Nigel John Spearing (8 October 1930 – 8 January 2017) was a British Labour Party politician.

Nigel Spearing was born in Hammersmith, London, and educated at Latymer Upper School, Hammersmith and St Catharine's College, Cambridge. After graduating in 1956, he worked as a tutor and teacher, firstly at Wandsworth School (1956–68) and then at Elliott School, Putney (1969–70). After coming second in Warwick and Leamington in 1964, Spearing was elected as the Labour Member of Parliament for Acton at the 1970 general election, regaining a seat which the Labour Party had lost to the Conservative Kenneth Baker in a 1968 by-election. Spearing turned Baker's by-election majority of 3,720 into a Labour majority of 660. Prior to the February 1974 general election, the Acton constituency underwent major boundary changes and he was defeated in his bid for re-election by the Conservative Party candidate George Young by 1,451 votes.

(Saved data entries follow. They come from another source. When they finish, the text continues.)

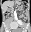 The patient was an 86-year-old man who was taking 2 medications for hypertension. He had a history of several months of low back pain that radiated to right thigh, for which symptomatic treatment provided partial relief. His rheumatologist had ordered thoracolumbar magnetic resonance imaging (MRI), but it was not performed because, prior to the scheduled date, the patient went to the emergency department with an increase in the intensity of the pain. Laboratory analyses showed a hemoglobin level of 8.4g/dL, lactate dehydrogenase of 318U/L, creatinine of 1.29mg/dL, C-reactive protein of 6.16mg/dL, erythrocyte sediment rate of 24mm/h and mild hypoproteinemia. There was no evidence of hemodynamic instability. He underwent abdominopelvic computed tomography (CT) with intravenous contrast, which revealed isolated bilateral iliac aneurysms>6cm (Fig. 1) with contained rupture of the aneurysm on the right (Fig. 2), which displaced the psoas muscle (Fig. 3) and perforated the ipsilateral iliac bone (Fig. 4). The patient underwent aortobifemoral bypass but, unfortunately, he died during the postoperative period.
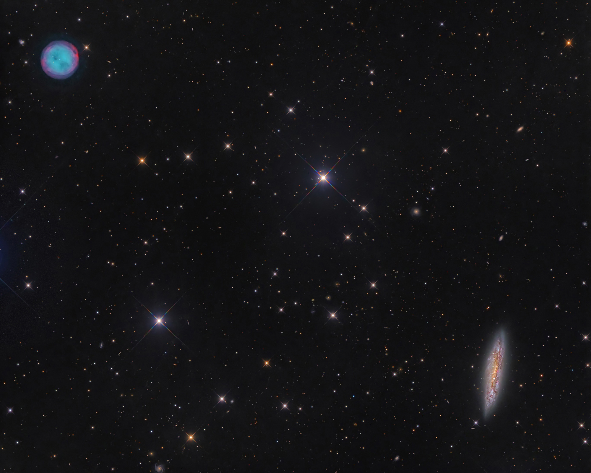 Popis: Dva zcela rozdílné objekty v jednom poli pod Velkým vozem: planetární mlhovina M97 (také Soví mlhovina) a galaxie M108.
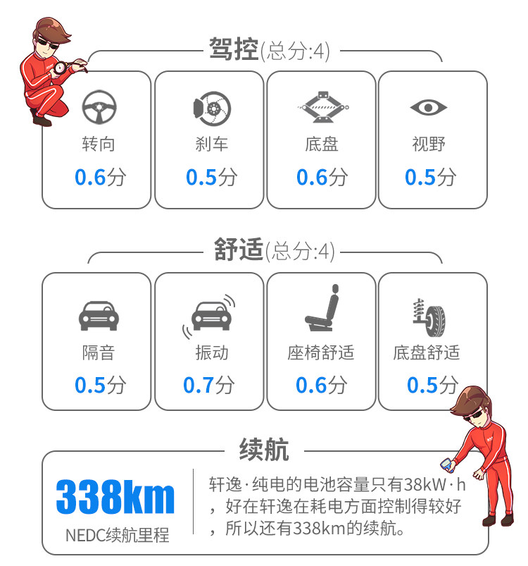 总结:轩逸·纯电表面上看没有给人太多的惊喜。但是,日产聆风成为世界最热销的纯电动车不会是无缘无故的事情。轩逸·纯电的出现或者给国产纯电动车一个警醒,是否不再以长续航为唯一目标,将续航、动力、电耗、驾驶性等各方面综合一下,推出一款更加平衡的车型?
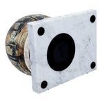 Stainless steel cremation urn in the shape of a ball. A durable combination of a marble base and a stainless steel sphere where the ashes are placed.
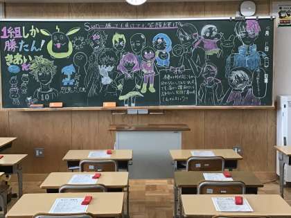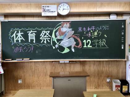 5/15(日)体育祭に向けての黒板メッセージ 公開日 2022/05/15 更新日 2022/05/15 各学年から 体育祭に向けての黒板メッセージです。 1、2、3学級 11、12学級です。 1年 特別支援学級
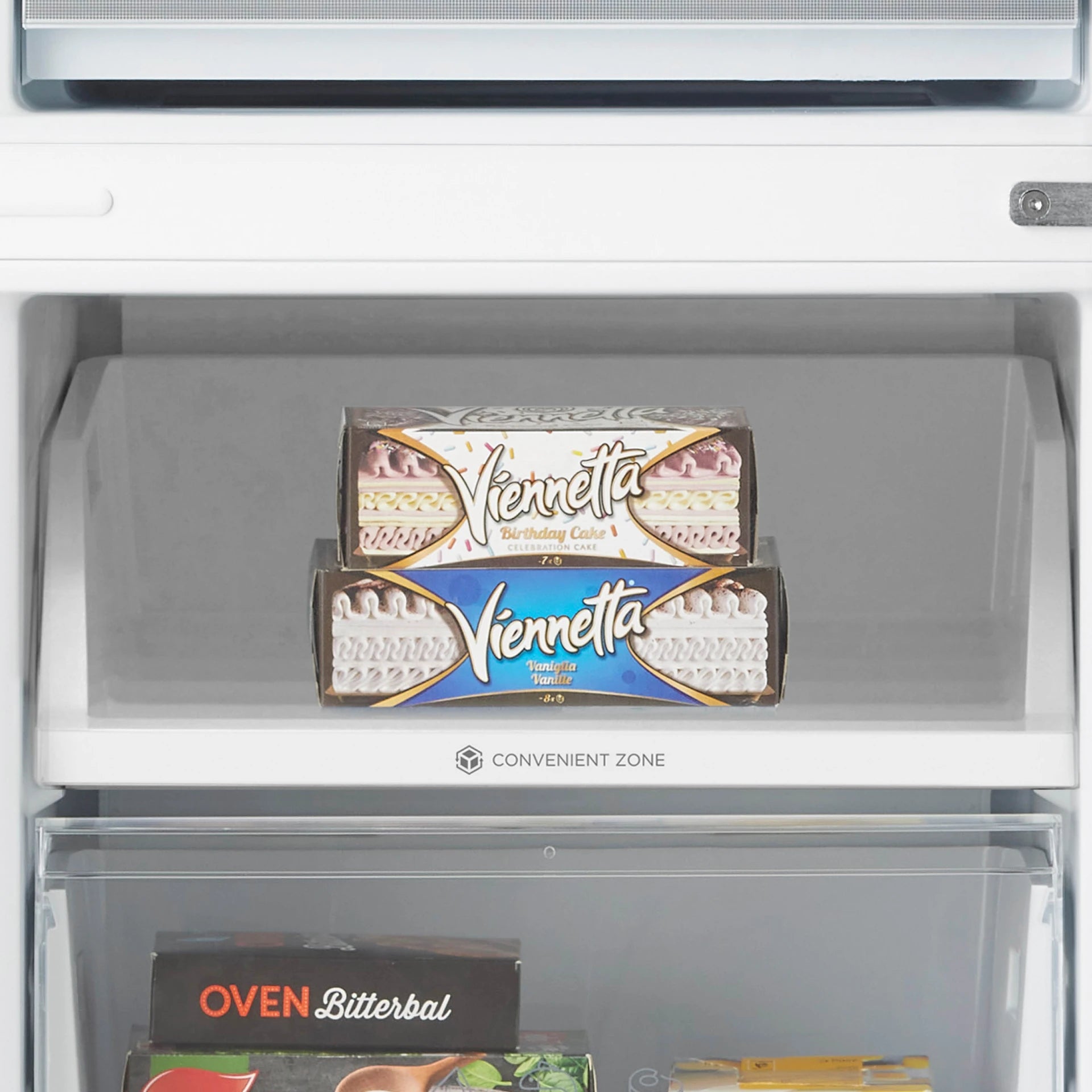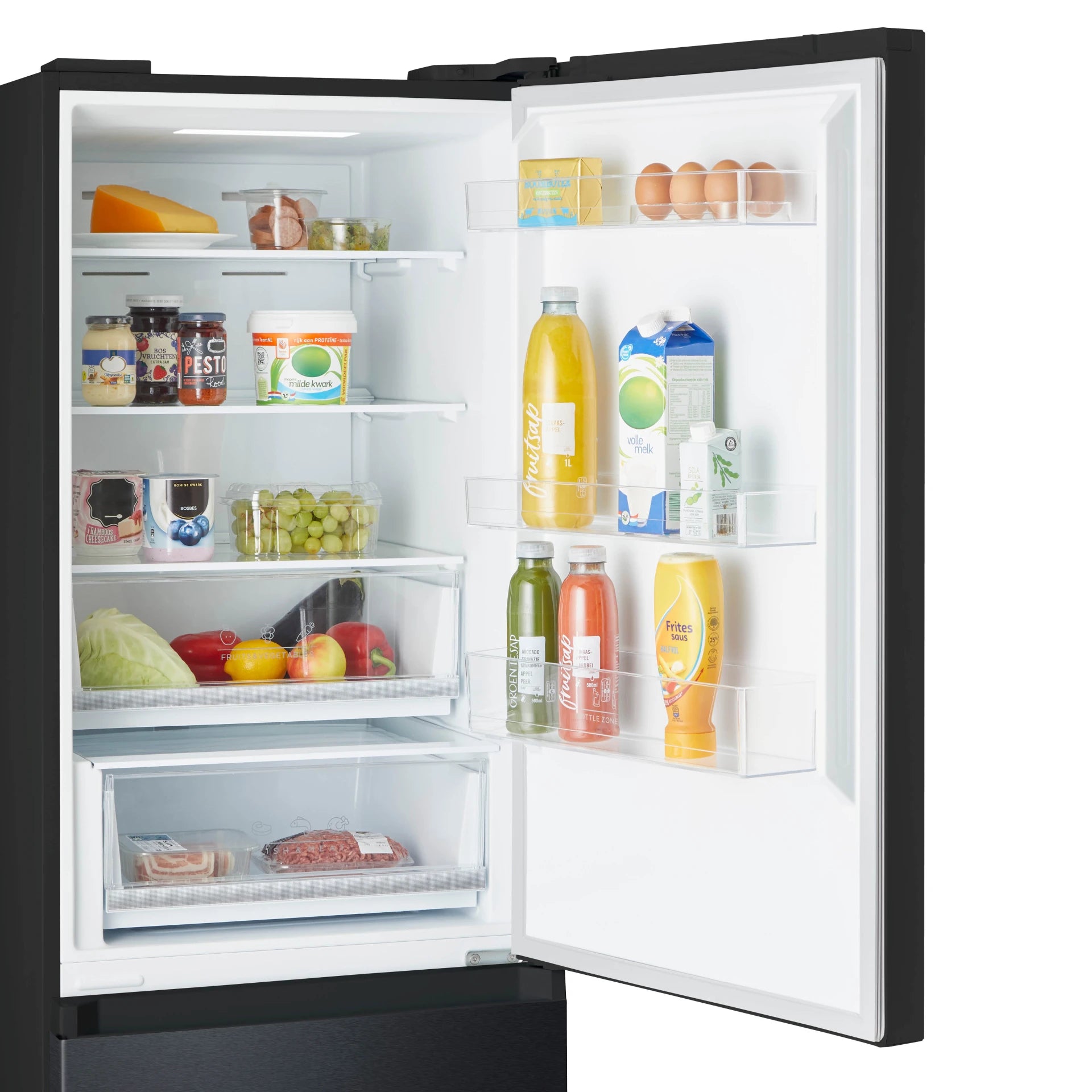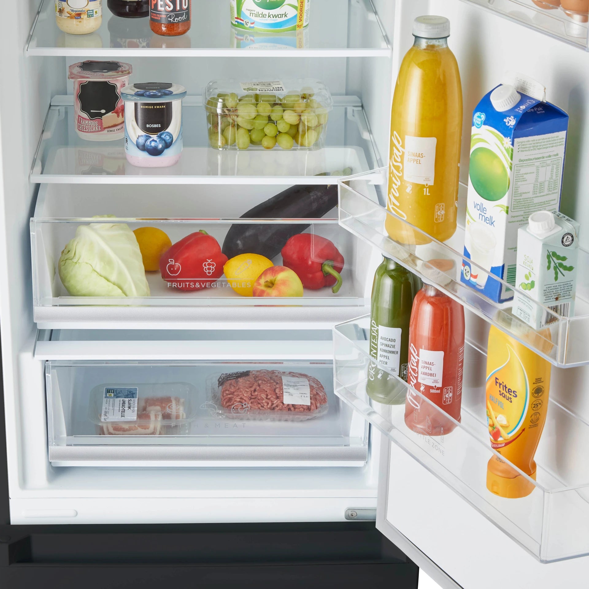 De zuinige en zeer stille vrijstaande koel- vriescombinatie KV1850B van Inventum heeft energieklasse C en een geluidsniveau van maar 35 dB. Het is een hoog model met een netto inhoud van 338 liter. Het koelgedeelte van 216 liter heeft een superkoelen-functie, 3 glazen draagplateaus, 1 variabele vershoudlade, 1 gewone groentelade, 3 deurvakken en led-verlichting. In de deur is de digitale regelbare thermostaat verwerkt. De 4 sterren vriezer van 122 liter heeft supervriezen, No Frost, 2 transparante lades en 1 open lade. Je kunt in 24 uur tot 8,5kg aan etenswaren invriezen en valt de stroom een keer uit, dan blijven je etenswaren 12 uur lang bevroren. Het apparaat is ook uitgerust met een handig alarm dat je waarschuwt als je de deur open laat staan. De draairichting van de deur kan worden aangepast.

Spearing then returned to parliament a few weeks later after winning the Newham South by-election (caused by the constituency's MP, Elwyn Jones, being made a life peer in order to take on the role of Lord Chancellor) with a majority of 9,321. This was the only by-election held in the February–October 1974 Parliament. Spearing was then re-elected at the October 1974 general election, and held the Newham South seat until 1997, when the seat was abolished. Spearing and a neighbouring Labour MP Mildred Gordon both applied for the newly created seat of Poplar and Canning Town, but both were passed over in favour of local Labour politician and firefighter Jim Fitzpatrick.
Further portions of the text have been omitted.